| Processo: | 01/12913-3 |
| Modalidade de apoio: | Auxílio à Pesquisa - Pesquisa em Políticas Públicas |
| Data de Início da vigência: | 01 de outubro de 2002 |
| Data de Término da vigência: | 30 de junho de 2003 |
| Área do conhecimento: | Ciências da Saúde - Saúde Coletiva - Epidemiologia |
| Pesquisador responsável: | Paulo Hilário Nascimento Saldiva |
| Beneficiário: | Paulo Hilário Nascimento Saldiva |
| Instituição Sede: | Faculdade de Medicina (FM). Universidade de São Paulo (USP). São Paulo , SP, Brasil |
| Município da Instituição Sede: | São Paulo |
| Instituição parceira: | Secretaria da Saúde (São Paulo - Estado). Hospital das Clínicas da Faculdade de Medicina da USP (HCFMUSP). Instituto de Psiquiatria Doutor Antonio Carlos Pacheco e Silva (IPq) |
| Assunto(s): | Problemas sociais Violência (criminologia) Homicídio São Paulo (SP) |
| Publicação FAPESP: | https://media.fapesp.br/bv/uploads/pdfs/Pesquisa...publicas_160_129_129.pdf |
Resumo
O projeto visa utilizar dados primários e secundários no sentido de identificar os fatores de risco de duas situações: homicídios na cidade de São Paulo e violência dentro de presídios. Para o estudo de homicidas, serão construídos mapas (com técnicas de sistemas de informação geográficas) de freqüência destas ocorrências, incluindo a moradia da vítima, do criminoso e o local da ocorrência. Estes dados serão comparados as informações fornecidas pelo estudo de zonas de origem e destino (ZOD) realizado pela Companhia do Metro, que caracterizam renda, escolaridade e condições de moradia das diferentes áreas de São Paulo. As ZOD possuem uma capacidade de discriminação espacial de cerca de pelo menos 1/4 de um distrito sanitário. Desta forma, será possível estabelecer áreas e fatores de risco, de forma a auxiliar estratégias de intervenção.

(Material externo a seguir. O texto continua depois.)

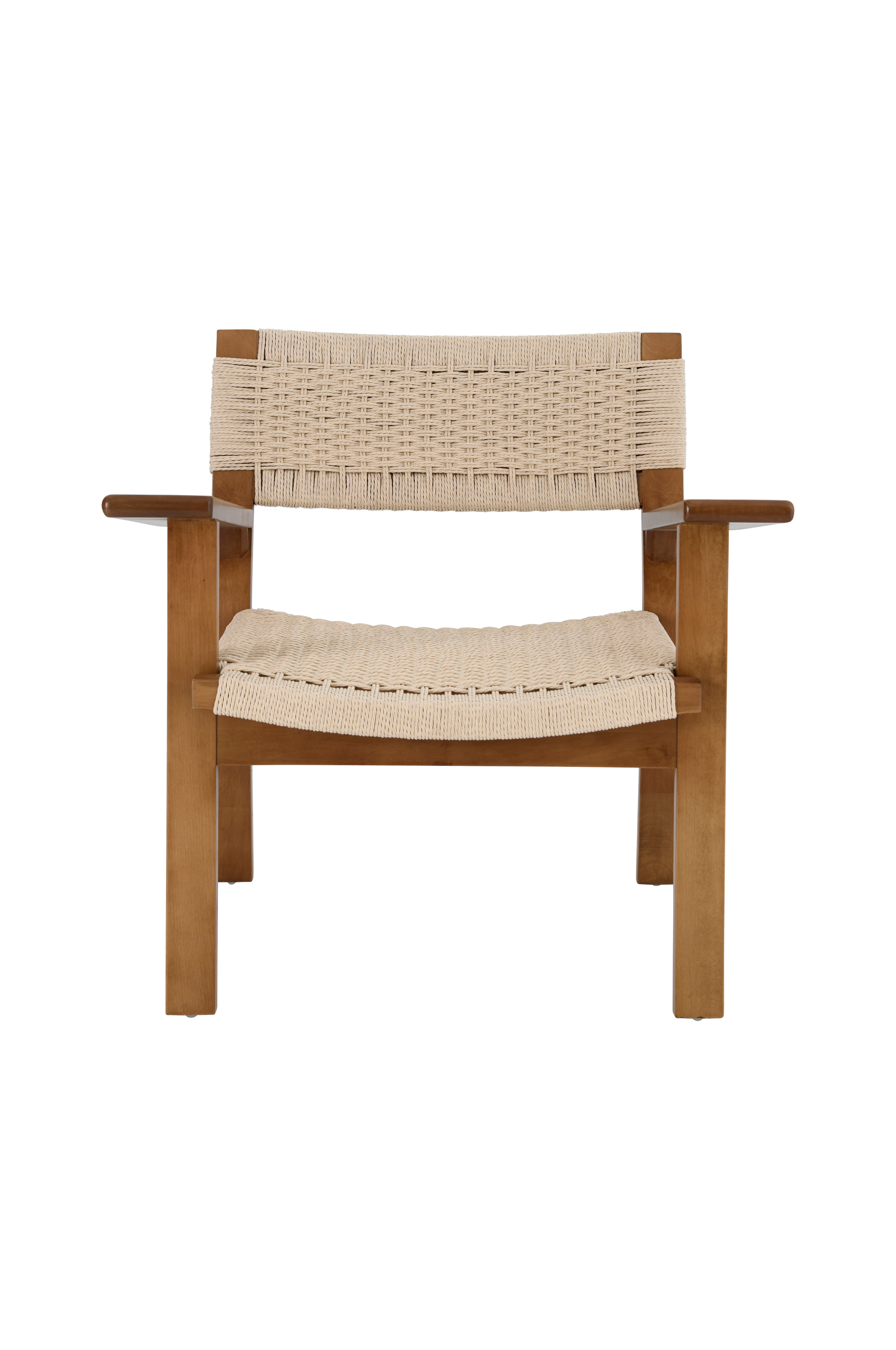 Fåtölj i björk med sits och rygg av dubbelt flätat och vaxat pappersrep. Levereras monterad.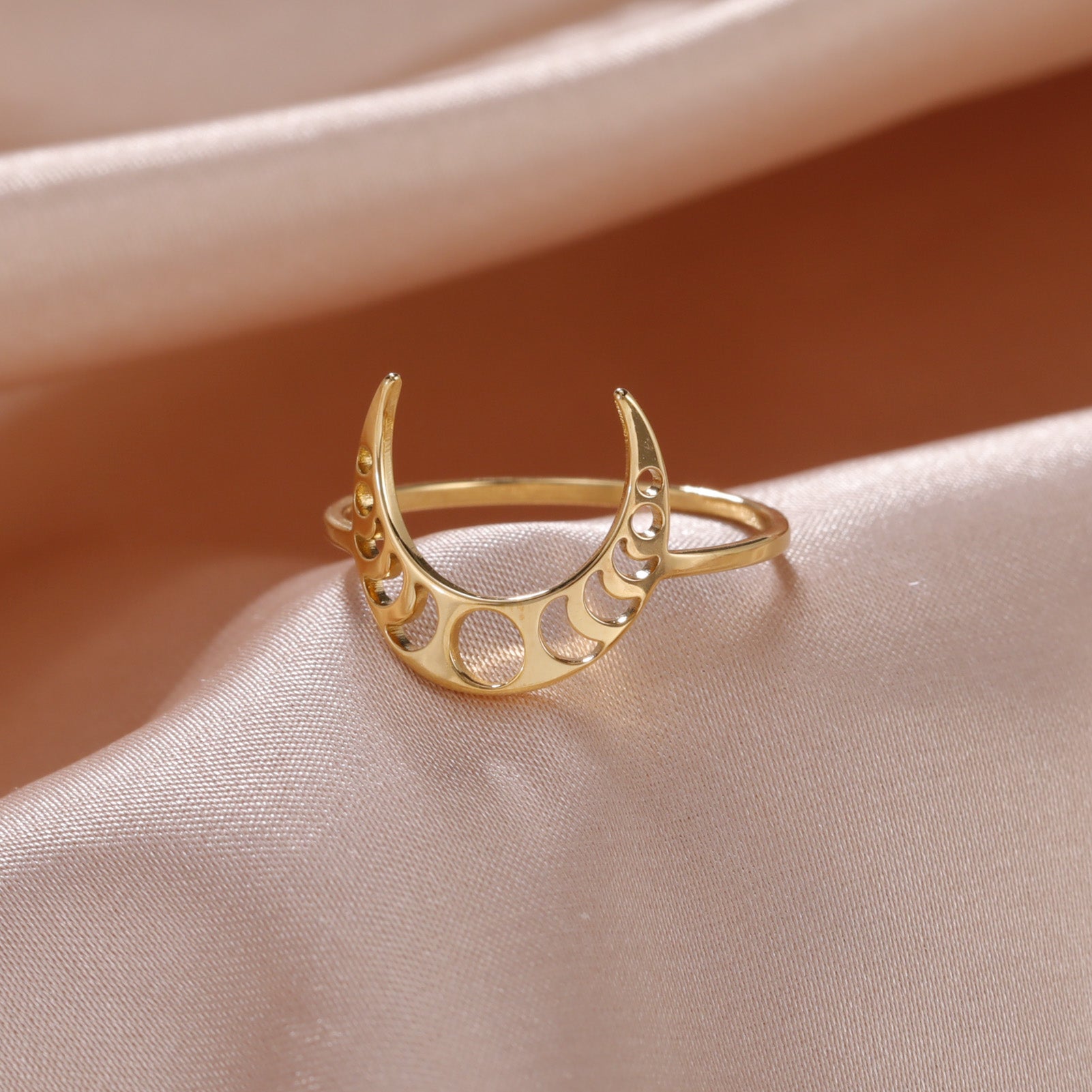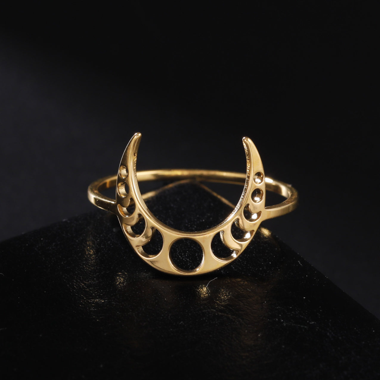 Add a touch of celestial style with this stainless steel moon phase ring. A fashionable accessory for men.

O estudo dos presídios visa testar se a clássica hipótese de 'escola do crime' (maior violência quanto maior for o gradiente de periculosidade dos detentos) ainda persiste ou se o crime organizado passou a ser o maior determinante da violência carcerária. Para este fim, serão analisadas fichas criminais e feitas entrevistas nos presídios do estado, visando determinar as seguintes variáveis: série temporal de ocorrências, tipo e freqüência de delitos praticados pelos detentos, densidade de presos e grau de influência das organizações criminosas. A análise estatística em ambos os estudos será feita através de técnicas descritivas, estatísticas para dados qualitativos e modelos logísticos uni e multivariados. (AU)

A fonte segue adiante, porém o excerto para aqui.